Methods: Data collection, management, and analysis

Data collection

Overarching protocols from the National Child Dental Health Survey, which is conducted in a school setting, will be followed (HSCIC 2015). The research team (1x dentist or dental therapist, 1x dental nurse) will complete a dental examination. This will allow intraoral photographs to be validated and correct inter-digitation of study models. The number of teeth present as well as obvious dental findings e.g. cavitated dental caries and molar incisor hypo-mineralisation will also be recorded.

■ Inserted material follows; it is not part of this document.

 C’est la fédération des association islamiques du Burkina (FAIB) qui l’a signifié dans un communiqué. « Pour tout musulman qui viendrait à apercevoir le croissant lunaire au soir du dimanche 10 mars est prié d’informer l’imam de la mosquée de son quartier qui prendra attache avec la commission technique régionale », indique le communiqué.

The team will take standardised intra and extra-oral orthodontic photographs. Alginate impressions will be taken and scanned to facilitate the production of digital study models, with the articulation validated by intraoral photographs. Children will be asked to complete the Child Oral Health Impact Profile–Short Form 19 (COHIP-SF 19) questionnaire (Broder et al. 2012).

Training of examiners

The research team will undertake bespoke training in orthodontic photography and impression taking. During the early stages of data collection an orthodontist will accompany the research team to ensure consistency in record taking.

Data Management

Data will be hosted in the BiB data warehouse at Bradford Teaching Hospitals NHS Foundation Trust and managed in accordance with well-established BiB data access and security protocols. Consultation with the Health Research Authority ensured that patient information sheets complied with the new General Data Protection Regulation (GDPR) guidance (Local Government Association 2018) introduced in May 2018.

Analysis

Statistical Methods

The exposure, premature extraction of primary teeth (PEPT) or no premature extractions (non-PEPT) will be captured as a single event. Confounders in the two groups will be identified within a directed acyclic graph, and appropriate minimally sufficient adjustment sets of confounders will be accommodated in all subsequent analyses (Greenland et al. 1999), allowing appropriate causal inferences to be made.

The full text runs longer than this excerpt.